> _Directions_
Copy each line below word for word and drop every image.

> _Dataset extract_
%%

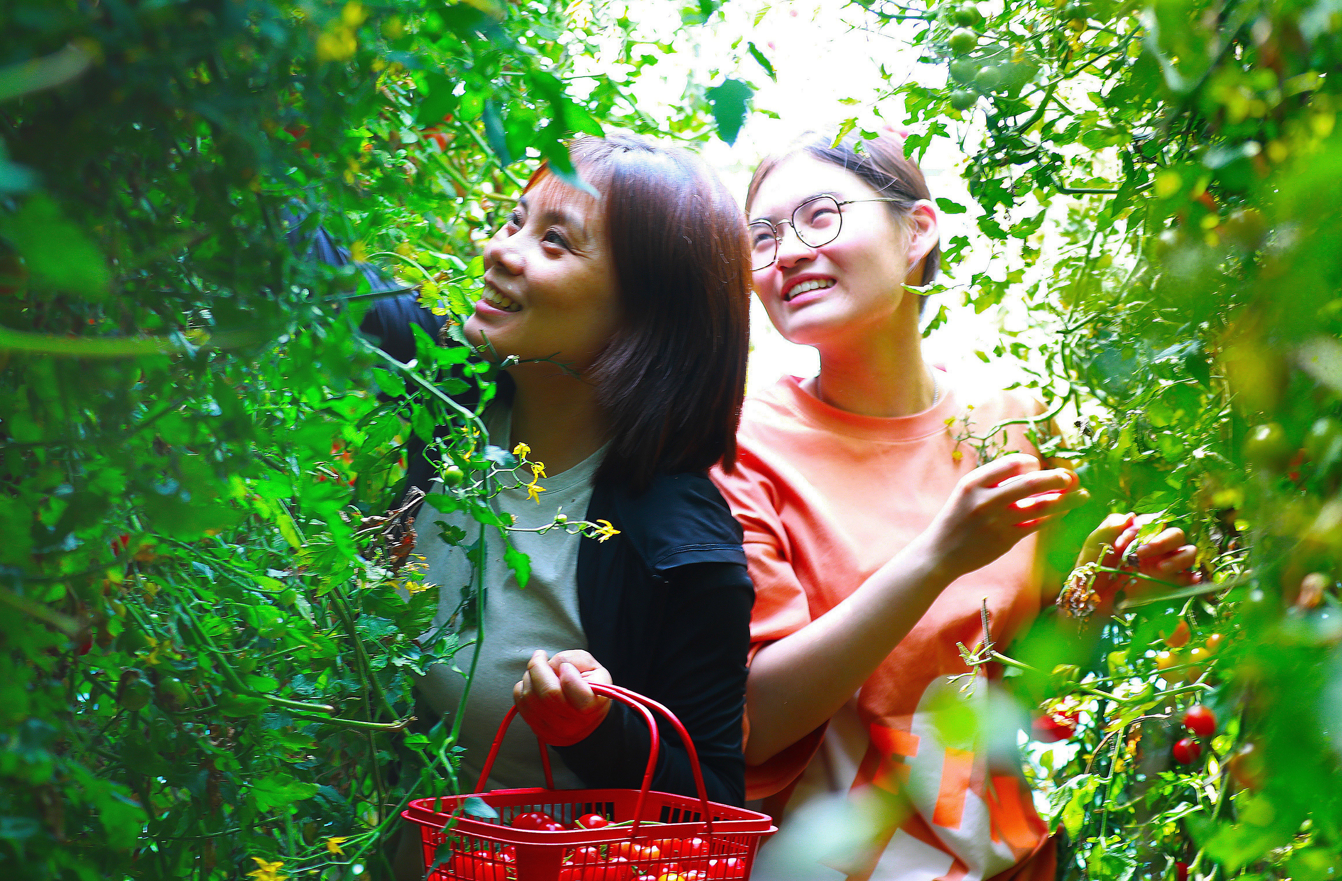 在旭弘生態園,李芊諾與游客一起采摘西紅柿。
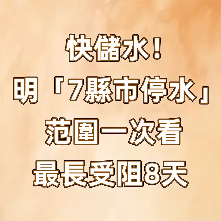 準備儲水!根據台灣自來水公司官網資訊,明(27)日基隆、新北、雲林、嘉義、台南、屏東、台東7個縣市中,有部分行政區將展開停水,時間長短不一,停水時間最長者在台南,從7月28日至8月4日,每天早上至下午都會暫時停水,提醒停水範圍區域內之用戶,請自行儲水備用。
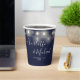 Elegant navy blue wedding paper cup featuring pretty string lights, signature style names and your special wedding date. Designed by Thisisnotme©
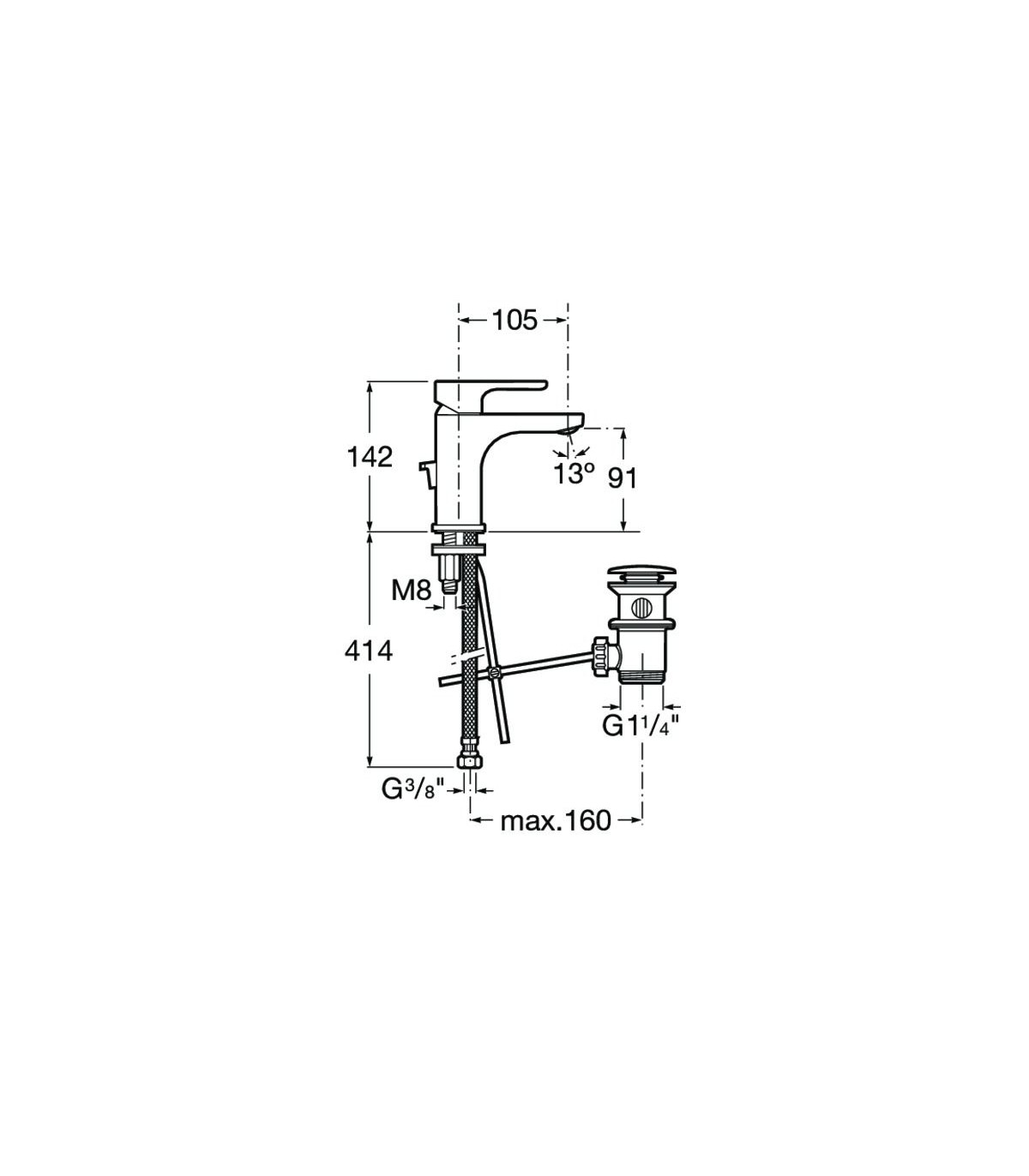 Mezclador monomando para lavabo de la serie L20 de Roca con cuerpo liso y enlaces de alimentación flexibles. No incluye desagüe clic-clac. Apertura Coldstart en agua fría para ahorro de agua y energético. Acabado...

%%

> _Solution to the exercise_
 在旭弘生態園,李芊諾與游客一起采摘西紅柿。
 準備儲水!根據台灣自來水公司官網資訊,明(27)日基隆、新北、雲林、嘉義、台南、屏東、台東7個縣市中,有部分行政區將展開停水,時間長短不一,停水時間最長者在台南,從7月28日至8月4日,每天早上至下午都會暫時停水,提醒停水範圍區域內之用戶,請自行儲水備用。
 Elegant navy blue wedding paper cup featuring pretty string lights, signature style names and your special wedding date. Designed by Thisisnotme©
 Mezclador monomando para lavabo de la serie L20 de Roca con cuerpo liso y enlaces de alimentación flexibles. No incluye desagüe clic-clac. Apertura Coldstart en agua fría para ahorro de agua y energético. Acabado...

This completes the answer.